16.2) Investor Grievance Redressal System
The Investors' grievances against the Company are handled by the Company's Registrars and Share Transfer Agents, M/s. Link Intime India Pvt. Ltd., in consultation with the Head of the Secretarial Dept. of the Company. The
Registrars have adequate infrastructure facilities coupled with skilled staff with professional qualifications for speedy redressal of Investors' grievances.
All investor complaints, which cannot be settled at the level of the Company Secretary or the Share Transfer Registrars, are forwarded to the Stakeholders Relationship Committee for final settlement. During the year under review the Company received 75 complaints from Shareholders and same were attended and no complaints were outstanding as on 31.03.2015.
19) Dematerialization of Shares
As on 31st March 2015, 55464287 shares of the Company representing 95.37% of total paid-up share capital were held in dematerialized form and the balance 2693745 shares representing 4.63% of total paid-up share capital were in physical form.
20) Factory Location
The Company's factory is located at Village Barbodhan, Taluka - Olpad, District - Surat, Gujarat-395 005.

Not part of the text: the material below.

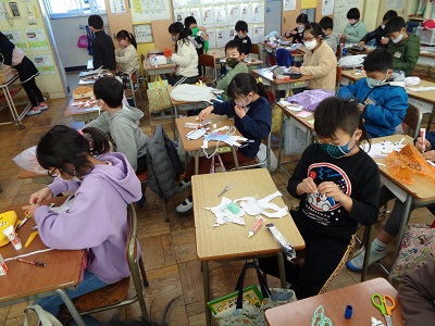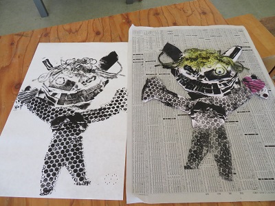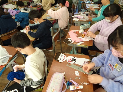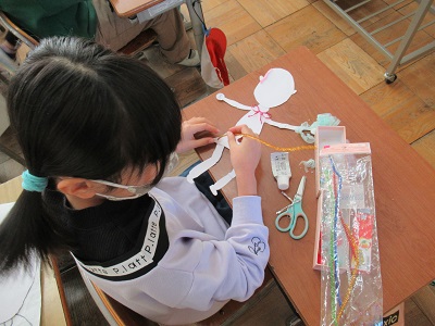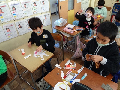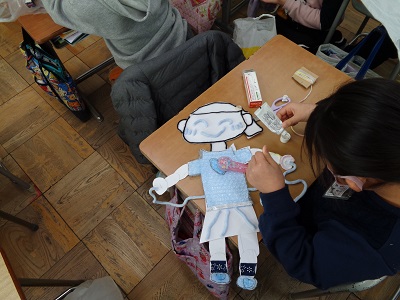 画用紙で頭、腕、手、足などのパーツを作り、その上にモールや毛糸、ボタンやプチプチなど自分で用意した材料を付けていきます。

21) Address for Correspondence
The Company's Registered Office is situated at Village Barbodhan, Taluka - Olpad, District - Surat, Gujarat - 395 005.

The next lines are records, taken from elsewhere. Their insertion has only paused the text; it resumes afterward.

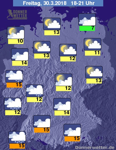 In der Nacht zum Samstag breiten sich die kompakten Regenwolken nordostwärts aus und erreichen bis zum Morgen auch den Norden und die Mitte des Landes, auch im Süden fällt unter dichten Wolken gebietsweise Regen. Trocken und dennoch meist stark bewölkt ist es im Osten und Nordosten. Die Temperatur sinkt auf 7 Grad in Bonn und etwa 0 Grad in Neubrandenburg.
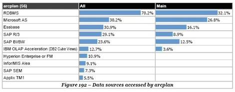 BI Survey 7: arcplan 名列榜首AMTeam.org消息:BI Survey(又称OLAP Survey) 2008年度再次将arcplan誉为商业绩效管理(BPM)解决方案的最佳提供商,尤其是对于拥有SAP, Oracle/ Hyperion 以及 Applix back-ends(后端)环境的各类用户。 arcplan 同时还从30多种BI产品中脱颖而出,成为用户实现项目目标最佳BI工具以及成功BI解决方案的最佳提供商 比任何一种前端产品更具有多数据源的接入性 由在商业智能和企业绩效管理领域最具权威的、独立的商业应用研究中心(BARC)发布的BI Survey 7 (www.BI-Survey.com)报告,再次将arcplan誉为在SAP BW与Applix TM1环境中应用最为广泛的第三方BI前端工具;排名第二的为Hyperion Essbase,以及排在第五位的Microsoft Analysis Services (AS)。报告中还着重提到arcplan的用户具有“非常广泛”的数据源接入性。 根据研究,图 192显示了包括关系型数据库,Microsoft AS,Essbase,SAP R/3,以及SAP BW 与BI, IBM OLAP Acceleration, Hyperion Enterprise and FM, 还有 Infor/MIS Alea在内的多种数据库/源。研究发现,arcplan的用户相对任何其他的BI产品的使用者而言能够连接都最多的数据源(见下图198)。这正体现出arcplan的创新的以企业绩效管理(BPM)为驱动的分析,快速而简洁地将来自于任何数据源的知识附加在用户的指尖。
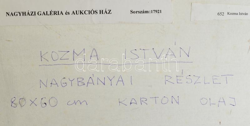 Kozma István (1937- ): Nagybányai részlet. Olaj, karton, jelzett, 80×60 cm. Proveniencia: Nagyházi, 148. árverés, 652. tétel. Üvegezett fa keretben / István Kozma (1937- ): Baia Mare. Oil on cardboard, signed, framed with glass. Provenance: Nagyházi Gallery, 148th auction, lot 652. 80×60 cm

All Shareholders correspondence should be addressed to any of the following:-
SHREE RAMA NEWSPRINT LTD.
Shreeniwas House, 4th Floor,
Hazarimal Somani Marg,
Fort, Mumbai - 400 001.
Tel. No: 022-22013805 / 728 / 612/ 7072
Contact Person: Company Secretary/
LINK INTIME INDIA PVT. LTD.
Unit: Shree Rama Newsprint Ltd. C-13, Pannalal Silk Mills Compound, L.B.S. Marg, Bhandup (W), Mumbai - 400078. Phone No: 25963838 Fax: 25946969
22) Management Responsibility Statement
The Management confirms that the financial statements are in full conformity with requirements of the Companies Act, 2013 and the Generally Accepted Accounting Principles (GAAP) in India. The Management accepts responsibility for the integrity and objectivity of these financial statements as well as for estimates and judgments relating to matters not concluded by the period end. The management believes that the financial statements of operation reflect fairly the form and substance of transactions and reasonably present the Company's financial condition and the results of operations. The Company has a system of internal control, which is reviewed, evaluated and updated on an ongoing basis. The Internal Auditors have conducted periodic audits to provide reasonable assurance that the Company's established policy and procedures have been followed.